Publicidade

Ajudar a potencializar uma marca com mais de 10 milhões de “fãs”: Marco Francisco do Petro de Luanda em primeiro plano

Targeting
Por Targeting
16 minutos de leitura
Tamanho da Fonte

O Petro de Luanda atravessa uma das fases mais estruturantes da sua história recente. Com uma base de adeptos estimada em 10 milhões e presença consolidada nas principais competições africanas nas modalidades nucleares, o clube deixou de se concentrar apenas no desempenho desportivo e passou a operar como uma organização orientada por dados, processos e estratégia de marca. Nos bastidores, decorre uma transformação que envolve digitalização, reconfiguração do relacionamento com adeptos, profissionalização de parcerias e criação de novas fontes de receita.

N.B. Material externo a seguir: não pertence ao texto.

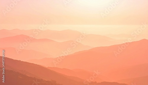 © MDzAi, Obraz premium Serene sunrise over mountain range nature landscape photography tranquil environment aerial view soft colors
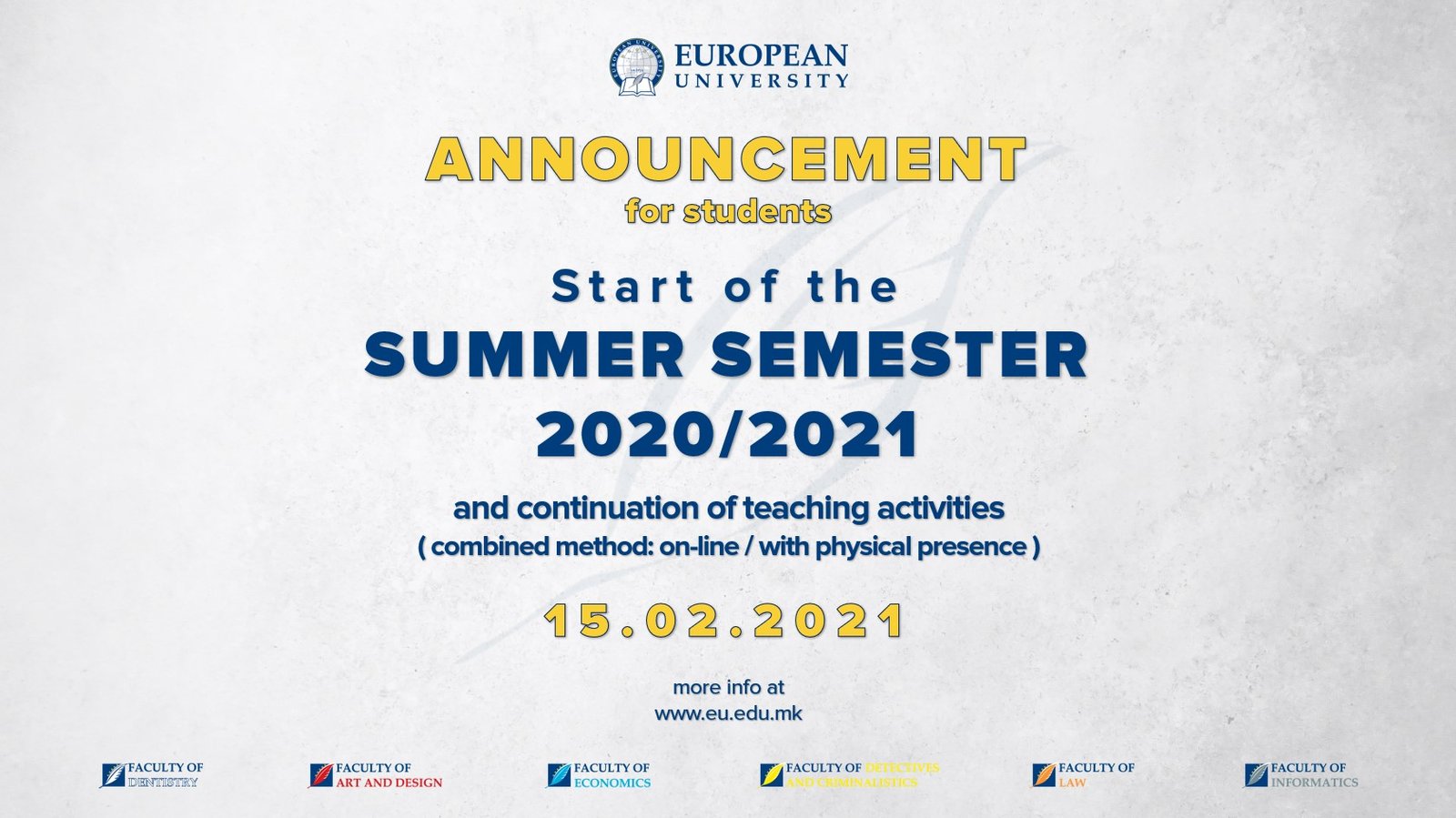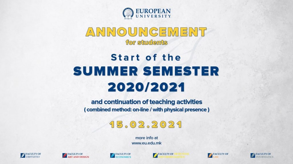 Dear students, We would like to inform you that the summer semester of the academic year 2020/2021 starts on 15.02.2021 and the teaching continues in combined […]
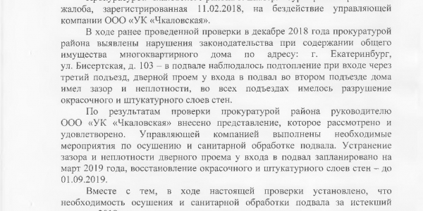Номер жалобы:47520 Тип жалобы:Иные проблемы ЖКХ Название объекта:УК Чкаловская Регион:Свердловская область Город:Екатеринбург Адрес:ул Бисертская, 103 Описание жалобы:Здравствуйте, хочу рассказать проблему нашего дома по адресу г Екатеринбург ул Бисертская 103 ужасная вонь из подвала травит весь дом , не говоря уже о комарах круглый год, кусают всех. В нашем доме много детей и стариков , ужасное состояние подъезда, электрокабеля не чем не закрыты, оголены, ремонт не делался уже давно, помогите пожалуйста разобраться. Статус:
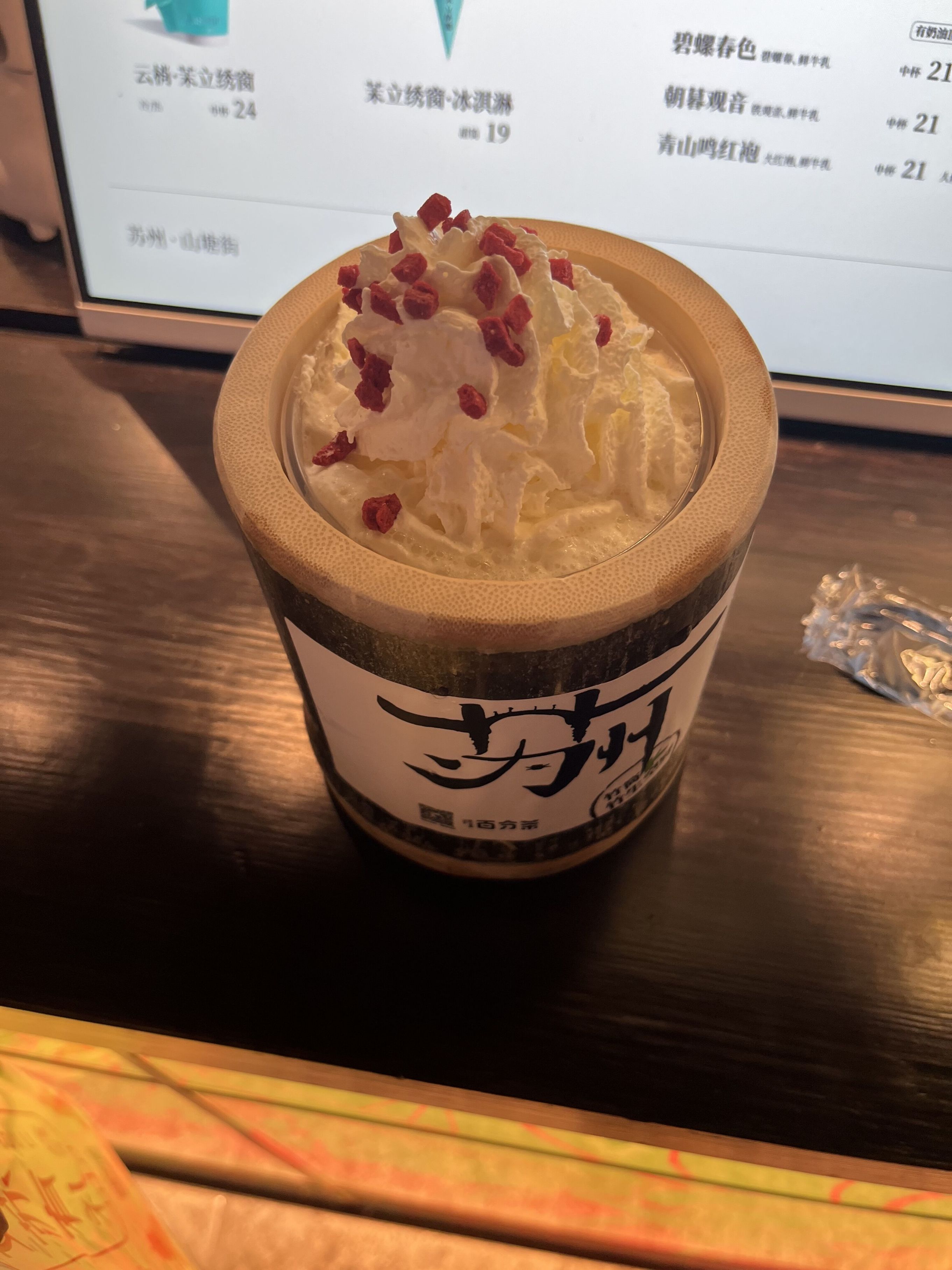 我今年二月去西安玩时,盒友舔舔和其他朋友推荐的地方品牌“茶话弄”给我留下了深刻的印象。因此这次来苏州,我也对特色饮品有所留意。这里我比较推荐各位尝试百分茶的竹筒奶茶冰淇淋(作为容器的竹筒还被我当作纪念品带回上海了)。
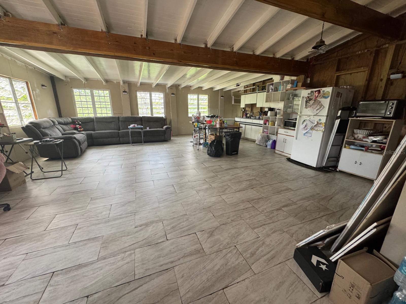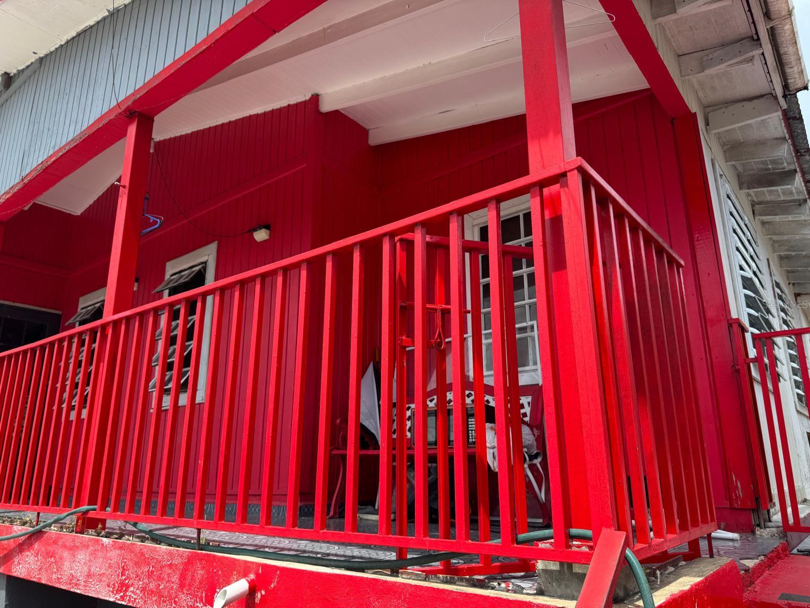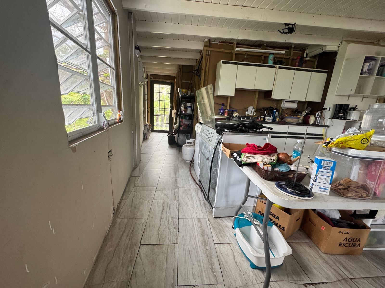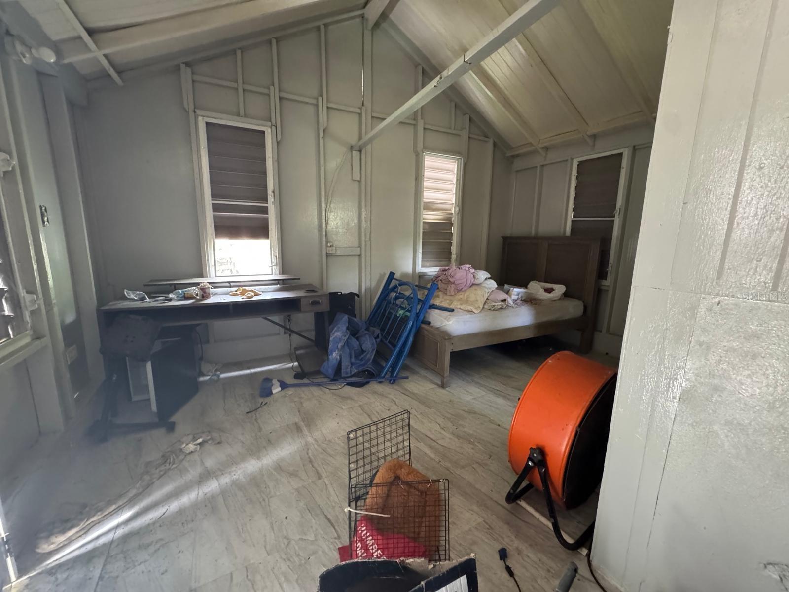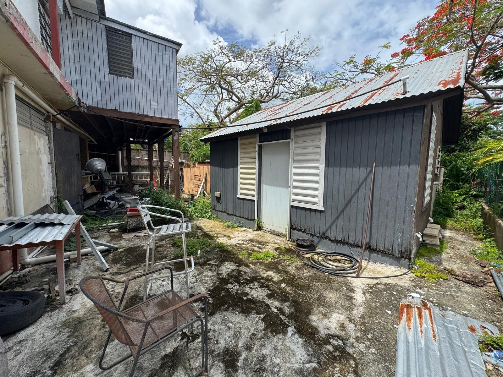 Two-story residence with 3 bedrooms, 1 bathroom, living room, dining room, and kitchen on the first floor; 4 bedrooms, living room, dining room, kitchen, and 2 bathrooms on the second floor. It also includes a studio with a bathroom in the backyard. Seven window air conditioning units and six ceiling fans are included. In addition to four covered parking spaces, there is room for 2 or 3 extra cars in the yard. Each floor has its own water and electric meter; the studio in the backyard receives water and electricity from the second floor.

Por detrás dessa mudança está uma equipa multidisciplinar liderada nas áreas Comercial, Marketing e Negócios por Marco Francisco, profissional com mais de duas décadas e meia de experiência acumulada em cargos de direcção em contextos nacionais e internacionais. O seu percurso profissional caracteriza-se pela transversalidade sectorial e pela consistência estratégica. Licenciado em Marketing e Gestão Comercial, com pós-graduação em Gestão de Marketing, construiu carreira nos sectores do grande consumo, da indústria, da saúde e, mais recentemente, do desporto, combinando visão de negócio, execução operacional e desenvolvimento de marcas.

O percurso de Marco Francisco começou em Portugal, no sector das bebidas, onde exerceu funções de Brand Manager e progrediu para posições de Direcção Comercial e Marketing num mercado altamente competitivo. Em 2007 mudou-se para Angola a fim de integrar os quadros da Refriango, uma das maiores empresas do sector das bebidas do país, onde permaneceu até 2012 com responsabilidades de elevada exigência. Nesse mesmo ano enveredou pelo empreendedorismo com a criação das Clínicas Bom Senso, projecto no sector da saúde no qual continua accionista e administrador não executivo. A experiência internacional prosseguiu em 2015 como Country Manager da multinacional espanhola Estrella Damm em Angola e aprofundou-se em 2017 na liderança da Abricome e Frami como director-geral, com foco em gestão industrial e operações de escala.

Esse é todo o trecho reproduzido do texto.